### Task goal
Return the listing below unchanged, except that the pictures are dropped.

### Data below
=-=-=-=-=

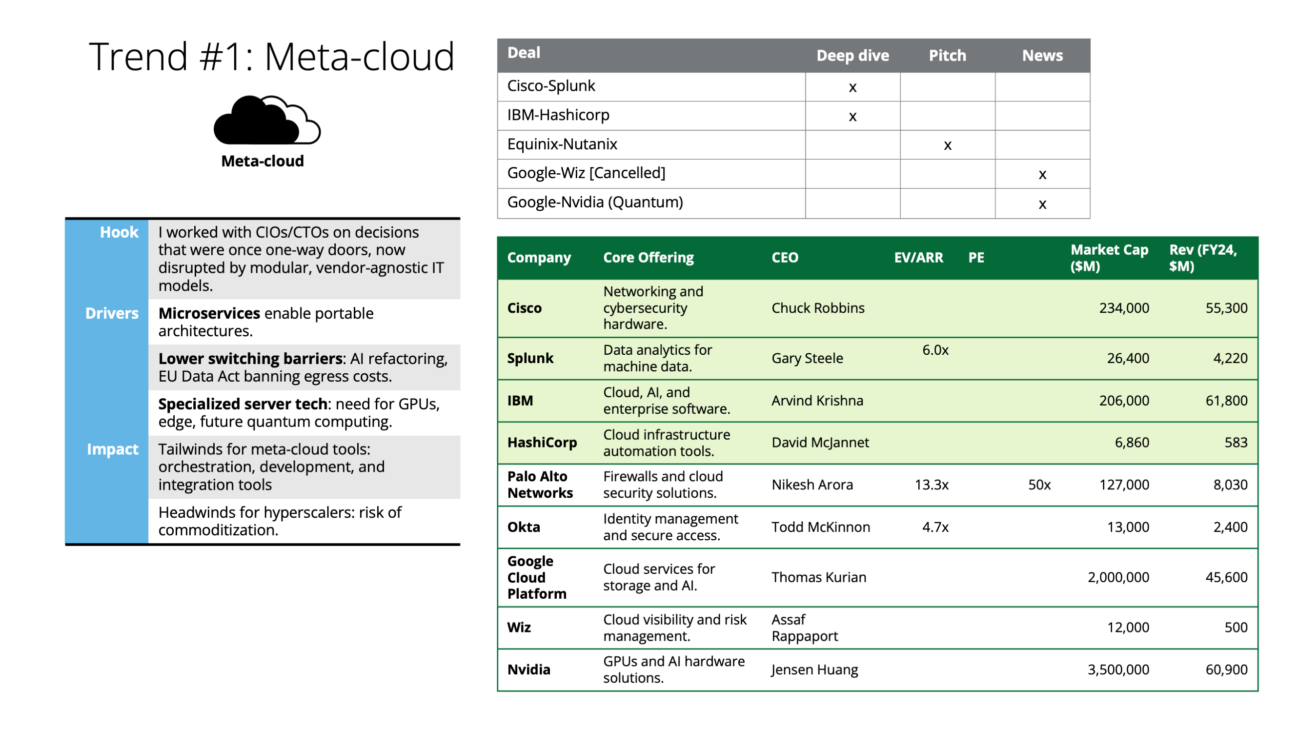 | Proof | Deals: IBM acquiring HashiCorp ($6.4B), Cisco acquiring Splunk |
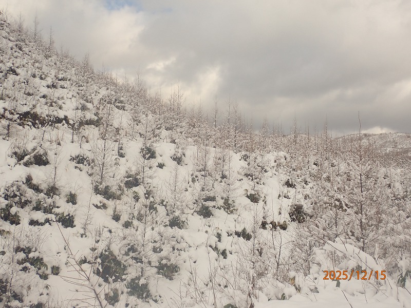 2025年12月26日 2025年もお世話になりました 本年も当組合は地域の山林と組合員のみなさん、協力事業者のみなさんのお力添えを頂きました。 大変ありがとうございました。 来る新年が皆様にとって明るい年となりますように。。 山はすっかり冬景色です雪景色に動く黒い影に緊張が走りましたシカでした。
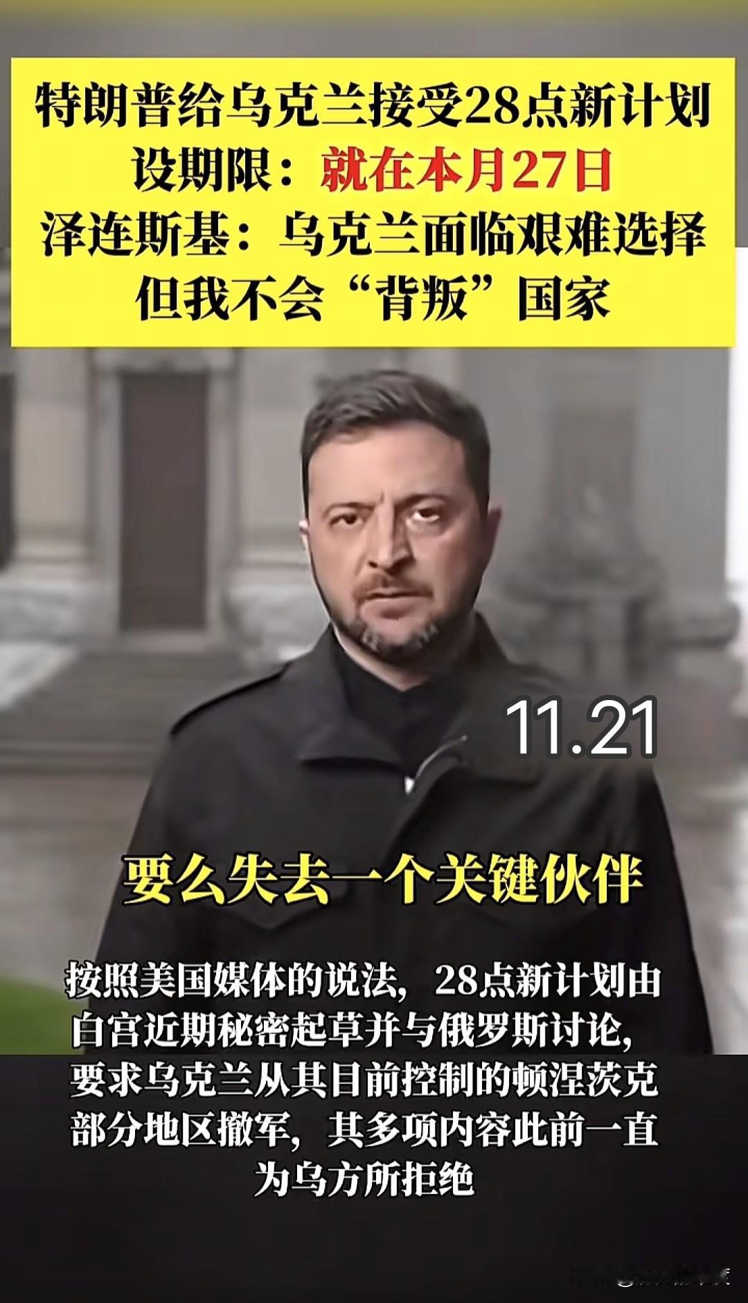 当地时间11月21日,乌克兰总统正式对国际社会表示,并回应了他对于美国版28点旨在结束俄乌冲突新计划的看法。 当地时间11月21日乌克兰总统的表态,说白了就是把心里的苦水倒了出来——作为一个夹在两个军事大国之间的地区小国,如今算是被逼到了墙角,一边是曾经喊着“支持到底”的美国,一边是直接兵戎相见的俄罗斯,俩大佬都逼着它签和平协定,这协定里的条款要是细究起来,说是丧权辱国一点都不过分。这种处境搁谁身上都得崩溃,毕竟历史上也没几个小国能同时被两个顶级军事强国联手“拿捏”。 要是往前倒腾几年,乌克兰还真没料到美国会翻脸这么快。早年间美国为了在东欧牵制俄罗斯,对乌克兰那叫一个“大方”,又是给军事援助又是给政治背书,光是2014年到2020年期间,美国给乌克兰的各类援助加起来就超过了300亿美元,其中军事援助占了近三分之一,小到步枪子弹大到反坦克导弹,基本上是乌克兰前线需要啥就给啥。 那时候乌克兰在东部战场虽然打得艰难,但靠着美国和北约的支援,好歹能跟俄罗斯支持的武装力量掰掰手腕,甚至在2019年还趁着俄罗斯战略调整的间隙,收复了赫尔松附近的几个关键据点,当时不少人都觉得再坚持一阵子,说不定能把战线往东部推得更远。 可这一切都随着特朗普的上任变了味,乌克兰这大半年的日子简直是从云端跌到了泥里。特朗普打从竞选时就对给乌克兰援助这事不情不愿,觉得“美国没必要为了一个欧洲小国花那么多钱”,上任之后更是把这种想法落到了实处。 最典型的就是2024年上半年那档子事,美国原本承诺给乌克兰的120亿美元军事援助,硬是被特朗普政府压着不发,理由是“要先审核乌克兰的援助使用情况”,可明眼人都知道,这就是拿援助当筹码逼乌克兰办事。 当时乌克兰前线正缺反坦克导弹和防空系统,俄罗斯刚好趁着这个空当发起了春季攻势,乌克兰因为弹药跟不上,丢了扎波罗热附近的三个重要村镇,光士兵伤亡就比前一个月多了40%,之前好不容易攒下的优势就这么打了水漂。 更让乌克兰憋屈的是,特朗普不光卡援助,还逼着它跟俄罗斯“谈条件”。有知情人士透露,美国提出的28点计划里,光让乌克兰让步的条款就占了15条,比如要求乌克兰承认克里米亚归俄罗斯所有,还要把东部顿巴斯地区设为“高度自治区域”,这跟直接割地没啥区别。 为了让乌克兰就范,特朗普政府还玩起了“软硬兼施”的套路,一边说“不签就彻底断援”,一边又承诺“签了之后美国会帮乌克兰加入世贸组织”。 这种威逼利诱的手段,把乌克兰架在了火上烤——不签的话,前线没弹药撑不了多久;签了的话,不光丢了领土,国内民众也不会答应,总统的位置都坐不稳。 这边美国步步紧逼,那边俄罗斯也没闲着,早就摆出了“不签就接着打”的架势。俄罗斯陆军在乌克兰东部部署了超过30万兵力,还调来了1000多辆坦克和2000多门火炮,光是2024年10月一个月,就对乌克兰的军工企业和交通枢纽发动了12次大规模空袭,导致乌克兰的炮弹产量直接下降了60%。 可能有人会问,美国之前不是乌克兰的“铁杆盟友”吗?怎么说变脸就变脸?其实说白了,美国从来没把乌克兰当成真正的盟友,只是把它当成了牵制俄罗斯的棋子。特朗普上台后,更看重的是美国的“实际利益”,觉得与其在乌克兰跟俄罗斯耗着,不如跟俄罗斯做交易,比如用乌克兰的领土换俄罗斯在能源和贸易上的让步。这种算盘打得噼啪响,可苦了乌克兰这个“棋子”。 乌克兰现在的困境,其实就是地区小国在大国博弈中的缩影。之前靠着美国的援助,还能勉强维持跟俄罗斯的平衡,可一旦美国撤梯子,俄罗斯的压力就压得它喘不过气。 有数据显示,2024年乌克兰的GDP下降了22%,超过600万难民流离失所,军工企业被摧毁了70%以上,就算想硬抗也没那个实力了。 而美国和俄罗斯之所以敢同时施压,就是吃准了乌克兰没别的靠山——欧盟虽然嘴上喊着支持,可实际给的援助还不到美国之前的一半,而且还怕得罪俄罗斯断了能源供应;其他国家要么实力不够,要么不想卷入大国冲突,根本帮不上啥忙。 特朗普政府的无序操作,更是把乌克兰的处境推向了绝境。之前美国给乌克兰援助时,还会协调北约国家一起出钱出力,可特朗普上台后,一味地搞“美国优先”,跟北约盟友闹得很僵,导致2024年北约给乌克兰的援助减少了50%。 更要命的是,他还动不动就放话“要从欧洲撤军”,让北约国家也不敢再大力支援乌克兰,生怕美国真的撒手不管,自己成了俄罗斯的“下一个目标”。 就这样,乌克兰从之前的“有靠山”变成了“没人管”,只能在美俄的双重压力下任人摆布,所谓的“丧权辱国协定”,搞不好真的要被迫签字了。

=-=-=-=-=

### Reply to the task
 | Proof | Deals: IBM acquiring HashiCorp ($6.4B), Cisco acquiring Splunk |
 2025年12月26日 2025年もお世話になりました 本年も当組合は地域の山林と組合員のみなさん、協力事業者のみなさんのお力添えを頂きました。 大変ありがとうございました。 来る新年が皆様にとって明るい年となりますように。。 山はすっかり冬景色です雪景色に動く黒い影に緊張が走りましたシカでした。
 当地时间11月21日,乌克兰总统正式对国际社会表示,并回应了他对于美国版28点旨在结束俄乌冲突新计划的看法。 当地时间11月21日乌克兰总统的表态,说白了就是把心里的苦水倒了出来——作为一个夹在两个军事大国之间的地区小国,如今算是被逼到了墙角,一边是曾经喊着“支持到底”的美国,一边是直接兵戎相见的俄罗斯,俩大佬都逼着它签和平协定,这协定里的条款要是细究起来,说是丧权辱国一点都不过分。这种处境搁谁身上都得崩溃,毕竟历史上也没几个小国能同时被两个顶级军事强国联手“拿捏”。 要是往前倒腾几年,乌克兰还真没料到美国会翻脸这么快。早年间美国为了在东欧牵制俄罗斯,对乌克兰那叫一个“大方”,又是给军事援助又是给政治背书,光是2014年到2020年期间,美国给乌克兰的各类援助加起来就超过了300亿美元,其中军事援助占了近三分之一,小到步枪子弹大到反坦克导弹,基本上是乌克兰前线需要啥就给啥。 那时候乌克兰在东部战场虽然打得艰难,但靠着美国和北约的支援,好歹能跟俄罗斯支持的武装力量掰掰手腕,甚至在2019年还趁着俄罗斯战略调整的间隙,收复了赫尔松附近的几个关键据点,当时不少人都觉得再坚持一阵子,说不定能把战线往东部推得更远。 可这一切都随着特朗普的上任变了味,乌克兰这大半年的日子简直是从云端跌到了泥里。特朗普打从竞选时就对给乌克兰援助这事不情不愿,觉得“美国没必要为了一个欧洲小国花那么多钱”,上任之后更是把这种想法落到了实处。 最典型的就是2024年上半年那档子事,美国原本承诺给乌克兰的120亿美元军事援助,硬是被特朗普政府压着不发,理由是“要先审核乌克兰的援助使用情况”,可明眼人都知道,这就是拿援助当筹码逼乌克兰办事。 当时乌克兰前线正缺反坦克导弹和防空系统,俄罗斯刚好趁着这个空当发起了春季攻势,乌克兰因为弹药跟不上,丢了扎波罗热附近的三个重要村镇,光士兵伤亡就比前一个月多了40%,之前好不容易攒下的优势就这么打了水漂。 更让乌克兰憋屈的是,特朗普不光卡援助,还逼着它跟俄罗斯“谈条件”。有知情人士透露,美国提出的28点计划里,光让乌克兰让步的条款就占了15条,比如要求乌克兰承认克里米亚归俄罗斯所有,还要把东部顿巴斯地区设为“高度自治区域”,这跟直接割地没啥区别。 为了让乌克兰就范,特朗普政府还玩起了“软硬兼施”的套路,一边说“不签就彻底断援”,一边又承诺“签了之后美国会帮乌克兰加入世贸组织”。 这种威逼利诱的手段,把乌克兰架在了火上烤——不签的话,前线没弹药撑不了多久;签了的话,不光丢了领土,国内民众也不会答应,总统的位置都坐不稳。 这边美国步步紧逼,那边俄罗斯也没闲着,早就摆出了“不签就接着打”的架势。俄罗斯陆军在乌克兰东部部署了超过30万兵力,还调来了1000多辆坦克和2000多门火炮,光是2024年10月一个月,就对乌克兰的军工企业和交通枢纽发动了12次大规模空袭,导致乌克兰的炮弹产量直接下降了60%。 可能有人会问,美国之前不是乌克兰的“铁杆盟友”吗?怎么说变脸就变脸?其实说白了,美国从来没把乌克兰当成真正的盟友,只是把它当成了牵制俄罗斯的棋子。特朗普上台后,更看重的是美国的“实际利益”,觉得与其在乌克兰跟俄罗斯耗着,不如跟俄罗斯做交易,比如用乌克兰的领土换俄罗斯在能源和贸易上的让步。这种算盘打得噼啪响,可苦了乌克兰这个“棋子”。 乌克兰现在的困境,其实就是地区小国在大国博弈中的缩影。之前靠着美国的援助,还能勉强维持跟俄罗斯的平衡,可一旦美国撤梯子,俄罗斯的压力就压得它喘不过气。 有数据显示,2024年乌克兰的GDP下降了22%,超过600万难民流离失所,军工企业被摧毁了70%以上,就算想硬抗也没那个实力了。 而美国和俄罗斯之所以敢同时施压,就是吃准了乌克兰没别的靠山——欧盟虽然嘴上喊着支持,可实际给的援助还不到美国之前的一半,而且还怕得罪俄罗斯断了能源供应;其他国家要么实力不够,要么不想卷入大国冲突,根本帮不上啥忙。 特朗普政府的无序操作,更是把乌克兰的处境推向了绝境。之前美国给乌克兰援助时,还会协调北约国家一起出钱出力,可特朗普上台后,一味地搞“美国优先”,跟北约盟友闹得很僵,导致2024年北约给乌克兰的援助减少了50%。 更要命的是,他还动不动就放话“要从欧洲撤军”,让北约国家也不敢再大力支援乌克兰,生怕美国真的撒手不管,自己成了俄罗斯的“下一个目标”。 就这样,乌克兰从之前的“有靠山”变成了“没人管”,只能在美俄的双重压力下任人摆布,所谓的“丧权辱国协定”,搞不好真的要被迫签字了。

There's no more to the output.